10. Установить 20 мкл капли Mowiol на предметное стекло и смонтировать покрытие скользит с клетками с ног на голову. Клетки должны быть в пределах от скольжения крышкой и слайдов. Капля Mowiol образуют тонкий слой однородной толщины, когда покровным стеклом расположен на капли. Как правило, нет необходимости нажимать образца. Если вы хотите использовать не-погружения линз, образца готова к проверке.Для микроскопического анализа с погружением линзы, не говоря образца сохнуть в течение приблизительно 1 часа, пока Mowiol укрепил на границе образца.

4. Подготовка сети для сканирующей электронной микроскопии (SEM)

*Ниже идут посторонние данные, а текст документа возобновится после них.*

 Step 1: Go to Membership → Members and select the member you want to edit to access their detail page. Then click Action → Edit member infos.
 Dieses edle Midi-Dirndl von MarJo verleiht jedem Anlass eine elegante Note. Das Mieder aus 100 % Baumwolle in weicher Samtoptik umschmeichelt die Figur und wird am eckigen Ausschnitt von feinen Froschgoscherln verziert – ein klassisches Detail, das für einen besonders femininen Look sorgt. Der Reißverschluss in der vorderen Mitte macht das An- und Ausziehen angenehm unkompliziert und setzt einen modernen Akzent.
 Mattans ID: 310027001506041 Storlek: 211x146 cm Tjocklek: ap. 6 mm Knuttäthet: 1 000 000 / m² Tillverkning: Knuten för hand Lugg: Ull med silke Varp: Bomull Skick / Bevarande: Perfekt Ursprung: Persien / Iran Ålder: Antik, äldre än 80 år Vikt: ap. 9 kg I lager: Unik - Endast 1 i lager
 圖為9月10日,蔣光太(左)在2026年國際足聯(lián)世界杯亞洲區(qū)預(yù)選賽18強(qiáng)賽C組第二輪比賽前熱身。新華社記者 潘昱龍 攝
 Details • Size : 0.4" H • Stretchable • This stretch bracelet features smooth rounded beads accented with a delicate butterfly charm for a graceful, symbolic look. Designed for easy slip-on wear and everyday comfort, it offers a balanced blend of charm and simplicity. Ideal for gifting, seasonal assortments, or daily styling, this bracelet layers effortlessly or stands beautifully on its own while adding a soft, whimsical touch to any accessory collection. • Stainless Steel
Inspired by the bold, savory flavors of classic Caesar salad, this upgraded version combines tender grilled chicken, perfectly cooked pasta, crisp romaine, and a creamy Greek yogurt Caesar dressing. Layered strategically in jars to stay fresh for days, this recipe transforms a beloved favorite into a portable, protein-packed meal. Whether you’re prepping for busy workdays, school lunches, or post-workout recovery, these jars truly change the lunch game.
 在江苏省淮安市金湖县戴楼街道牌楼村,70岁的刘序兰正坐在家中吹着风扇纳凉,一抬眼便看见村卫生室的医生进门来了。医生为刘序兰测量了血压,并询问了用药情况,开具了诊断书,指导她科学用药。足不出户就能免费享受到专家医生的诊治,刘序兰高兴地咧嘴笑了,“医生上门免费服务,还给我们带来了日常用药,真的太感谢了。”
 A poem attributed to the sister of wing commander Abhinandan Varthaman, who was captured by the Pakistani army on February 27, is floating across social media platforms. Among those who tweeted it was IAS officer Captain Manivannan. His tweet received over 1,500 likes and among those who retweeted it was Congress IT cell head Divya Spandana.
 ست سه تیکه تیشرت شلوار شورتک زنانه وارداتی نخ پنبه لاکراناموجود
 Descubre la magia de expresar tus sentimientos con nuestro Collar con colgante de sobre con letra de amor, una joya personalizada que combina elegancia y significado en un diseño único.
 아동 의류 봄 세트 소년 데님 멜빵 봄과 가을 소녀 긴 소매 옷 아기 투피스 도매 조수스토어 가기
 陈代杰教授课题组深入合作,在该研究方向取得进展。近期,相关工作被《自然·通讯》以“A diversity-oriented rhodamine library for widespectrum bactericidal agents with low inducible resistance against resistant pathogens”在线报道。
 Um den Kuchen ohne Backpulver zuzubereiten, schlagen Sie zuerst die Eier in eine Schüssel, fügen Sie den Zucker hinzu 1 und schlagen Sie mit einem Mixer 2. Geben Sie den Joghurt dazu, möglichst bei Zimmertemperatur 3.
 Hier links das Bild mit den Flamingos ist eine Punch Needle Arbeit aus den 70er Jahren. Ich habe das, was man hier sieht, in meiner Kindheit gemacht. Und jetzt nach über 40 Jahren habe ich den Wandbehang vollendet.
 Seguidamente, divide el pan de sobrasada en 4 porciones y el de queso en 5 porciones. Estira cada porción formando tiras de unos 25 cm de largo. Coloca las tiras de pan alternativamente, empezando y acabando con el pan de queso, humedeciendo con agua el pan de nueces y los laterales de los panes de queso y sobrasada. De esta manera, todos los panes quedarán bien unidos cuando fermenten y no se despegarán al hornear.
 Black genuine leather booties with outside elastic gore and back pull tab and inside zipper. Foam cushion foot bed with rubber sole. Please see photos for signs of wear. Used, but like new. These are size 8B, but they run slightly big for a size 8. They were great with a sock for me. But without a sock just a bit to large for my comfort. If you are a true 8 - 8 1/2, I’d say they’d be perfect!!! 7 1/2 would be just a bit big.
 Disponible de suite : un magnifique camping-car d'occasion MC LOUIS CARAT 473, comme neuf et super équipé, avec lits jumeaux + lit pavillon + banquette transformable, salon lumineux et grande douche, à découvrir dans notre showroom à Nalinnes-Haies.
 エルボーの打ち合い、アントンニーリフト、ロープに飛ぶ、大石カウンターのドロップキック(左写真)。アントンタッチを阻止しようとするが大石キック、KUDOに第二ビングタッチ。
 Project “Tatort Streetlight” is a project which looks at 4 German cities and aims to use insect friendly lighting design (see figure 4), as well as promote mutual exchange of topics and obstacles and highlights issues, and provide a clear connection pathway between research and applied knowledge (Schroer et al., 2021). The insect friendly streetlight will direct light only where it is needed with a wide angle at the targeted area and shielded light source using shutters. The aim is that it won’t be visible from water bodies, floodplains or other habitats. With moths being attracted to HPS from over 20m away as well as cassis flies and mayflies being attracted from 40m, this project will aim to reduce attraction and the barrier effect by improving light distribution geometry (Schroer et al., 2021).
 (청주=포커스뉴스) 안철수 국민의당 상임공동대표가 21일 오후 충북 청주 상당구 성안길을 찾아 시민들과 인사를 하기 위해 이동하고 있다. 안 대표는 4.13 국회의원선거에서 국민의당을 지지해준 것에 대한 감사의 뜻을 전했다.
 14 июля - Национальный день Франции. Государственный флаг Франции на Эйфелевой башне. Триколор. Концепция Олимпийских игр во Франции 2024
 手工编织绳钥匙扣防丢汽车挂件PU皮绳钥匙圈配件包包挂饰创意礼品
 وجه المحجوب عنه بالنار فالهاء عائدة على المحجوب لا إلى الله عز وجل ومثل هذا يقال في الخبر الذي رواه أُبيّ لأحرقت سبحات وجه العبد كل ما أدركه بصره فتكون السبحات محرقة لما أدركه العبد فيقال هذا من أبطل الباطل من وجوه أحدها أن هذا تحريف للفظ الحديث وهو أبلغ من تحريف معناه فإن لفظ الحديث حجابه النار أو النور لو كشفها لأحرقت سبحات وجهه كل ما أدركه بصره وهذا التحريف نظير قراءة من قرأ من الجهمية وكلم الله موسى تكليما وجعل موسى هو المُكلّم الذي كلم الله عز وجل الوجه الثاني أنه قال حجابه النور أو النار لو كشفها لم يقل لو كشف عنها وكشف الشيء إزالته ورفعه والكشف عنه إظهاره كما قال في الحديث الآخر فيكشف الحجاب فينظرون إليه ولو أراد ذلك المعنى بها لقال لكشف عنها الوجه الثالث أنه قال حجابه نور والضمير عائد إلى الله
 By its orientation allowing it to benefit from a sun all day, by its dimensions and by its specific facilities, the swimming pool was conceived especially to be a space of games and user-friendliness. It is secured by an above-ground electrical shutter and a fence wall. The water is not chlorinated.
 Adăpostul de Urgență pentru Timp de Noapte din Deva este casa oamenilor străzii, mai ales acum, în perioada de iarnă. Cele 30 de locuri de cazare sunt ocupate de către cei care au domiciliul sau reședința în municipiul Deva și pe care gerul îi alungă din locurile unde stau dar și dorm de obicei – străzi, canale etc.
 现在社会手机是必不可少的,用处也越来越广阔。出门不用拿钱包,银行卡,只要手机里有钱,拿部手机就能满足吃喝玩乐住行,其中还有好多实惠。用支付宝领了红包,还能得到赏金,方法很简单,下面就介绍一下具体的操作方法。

1. Сообщение исправить клеток на стеклянные крышки скользит в 24-луночный планшет с 2,5% глутарового альдегида.
2. Удалить стеклянная крышка скользит, содержащих клетки из 24-и культуру пластину и поставить вверх дном на каплю воды. Вымойте так 3 раза в течение 5 мин.
3. Передача крышка скользит обратно в 24-луночных культуре клеток пластину, содержащую 0,5% OsO4 и инкубировать 30 мин.
4. Удалить стеклянная крышка скользит, содержащих клетки из 24-и культуру пластину и поставить вверх дном на каплю воды. Вымойте так 3 раза в течение 5 мин.
5. Передача крышка скользит обратно в 24-клеточной культуре также пластины, содержащей 1% дубильной кислоты и инкубировать 30 мин.
6. Повторите шаги с 4,2 до 4,4
7. Дегидрировать через такую ​​схему (5 минут каждая):
   • 30% этанола
   • 50% этанола
   • 70% этанола
   • 80% этанола
   • 90% этанола
   • 100% этаноле
   • 100% этаноле
   • 100% этаноле
8. Передача крышка скользит в критической точке сушилку и сухой образцы.
9. Пальто поверхности образца с 5 нм платина / углерод слой с помощью тонкого слоя испарителя

5. Представитель Результаты:

Изоляции метод обычно дает нестимулированных жизнеспособных нейтрофилов с чистотой более 95%. При включенной в различные моменты времени после стимуляции иммунной протокол показана последовательность морфологических изменений при NETosis ячейки уплощение, утрата ядерной дольки, потеря гранул и ядро ​​целостность, что приводит к увеличению перекрытия ядерных (т.е. гистонов) и гранулированной (т.е. эластазы нейтрофилов) окрашивания. Этот протокол может служить отправной точкой для анализа специфических взаимодействий патогенов с нейтрофилов. Это взаимодействие можно разрезать более подробно использованием подготовка протокола для сканирующей электронной микроскопии.

NET флуоресценции

Пример вынужденного нейтрофилов окрашивают в течение NET компонентов (синий = ДНК, красный = гистонов, зеленый = эластазы нейтрофилов). Изображения показывают, помимо NET локализации, ядерной локализации ДНК и гистонов и гранулированных шаблон для эластазы нейтрофилов.

SEM PMA стимуляции

Сканирующего электронного микроскопа показывает, не стимулируется и PMA-стимулированных нейтрофилов. После стимуляции нейтрофилов выравниваться и производить NET.

SEM Сети и шигеллы

Более высокое разрешение изображения SEM бактерий Shigella в ловушке NET.

Обсуждение

При условии, протокол позволит изоляции, не стимулировали нейтрофилов на значительном чистоты, индукция NET формирования и анализа морфологических изменений при NETosis. При работе с образцами с осторожностью, т.е. избежать суровых условий промывки, что приведет к потере большей части свободно прилагается сетей, количество NET образование в различных условиях стимуляции (длительность стимула), можно сравнить. В этой связи, при условии, протоколы могут служить отправной точкой для разработки методов для анализа более сложных сценариев: нейтрофилов / патогена взаимодействия, последовательность стимулов, взаимодействие с другими иммунными клетками.